Klima-Kleber dürfen in Kreuzberger Bezirksräumen agitieren

Die Letzte Generation hält auf dem Dragonerareal Vorträge. Die CDU will das unterbinden lassen.

Zuletzt hatten sich am Montag an der Autobahnausfahrt A100 und A115 Mitglieder der Letzten Generation auf der Fahrbahn festgeklebt.
Zuletzt hatten sich am Montag an der Autobahnausfahrt A100 und A115 Mitglieder der Letzten Generation auf der Fahrbahn festgeklebt.Jörg Carstensen/dpa

Im Stau stehende Autofahrer kochen vor Wut, Politiker empören sich. Doch das grün regierte Bezirksamt Friedrichhain-Kreuzberg hat kein Problem mit den Straßenblockierern der Letzten Generation

Nachdem sich schon die Bezirksbürgermeisterin Clara Herrmann (Grüne) mit den Klima-Klebern solidarisiert hat, dürfen diese in Bezirksräumen auch für ihre Ziele werben.

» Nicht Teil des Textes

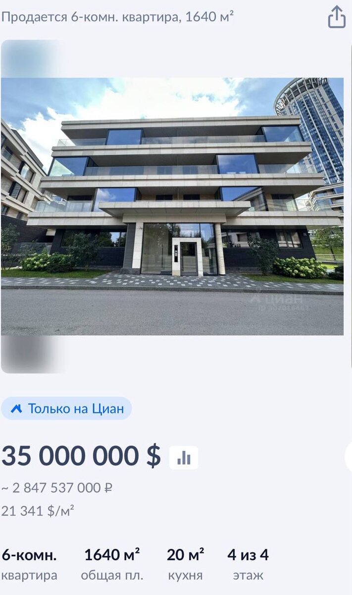 🏢В Москве на продажу выставили самую большая квартиру в России — её площадь превышает 1,6 тыс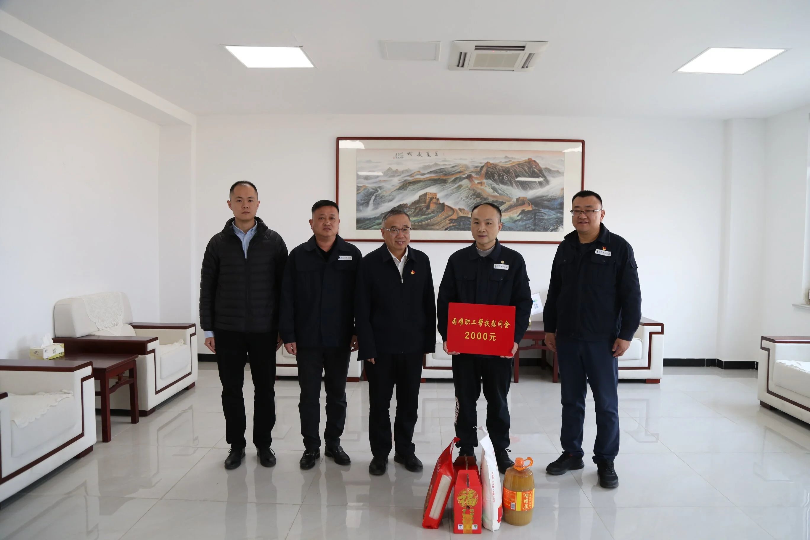 “目前工作生活上有什么困難?家里父母身體怎么樣?要提振信心積極面對,把日子過好?!本渚涫巧?、字字皆關心。慰問組與困難職工親切交談,詳細詢問當前生活和工作情況,鼓勵職工保持樂觀向上的心態(tài),積極面對生活中的困難,并為職工送上米、面、油等慰問品和慰問金,送上新春祝福。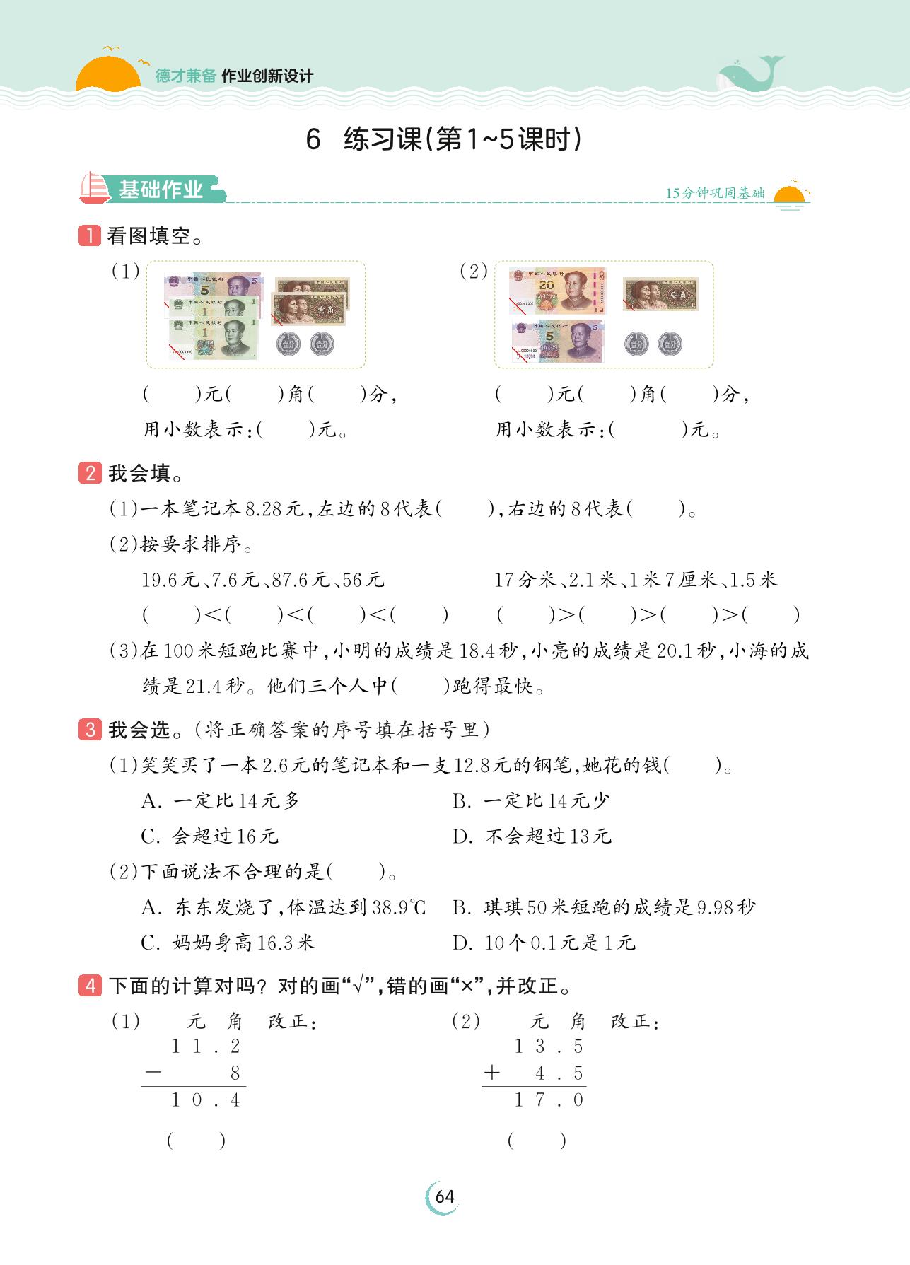 2023上册三年级数学北师版 第八单元 认识小数——6 练习课(第1~5课时)

Auf dem landeseigenem Dragonerareal nahe des U-Bahnhofs Mehringdamm gibt es in einem denkmalgeschützten ehemaligen Stall einer früheren Dragonerkaserne einen sogenannten Kiezraum. Vermieter ist das Bezirksamt und zuständig Baustadtrat Florian Schmidt (Grüne).

Am 8. und am 16. Dezember konnten Mitglieder der Letzten Generation dort Veranstaltungen abhalten. Die AG Raum, eine Kiezinitiative, hatte die Klimaaktivisten zu Vorträgen eingeladen. Bei den Veranstaltungen waren jeweils circa 40 Personen anwesend. Das geht aus einer von Baustadtrat Schmidt unterzeichneten Antwort auf eine Kleine Anfrage des CDU-Bezirksverordneten Timur Husein hervor. Laut Antwort waren das Vorträge – Vorträge „einer möglicherweise kriminellen Organisation“, wie Husein meint.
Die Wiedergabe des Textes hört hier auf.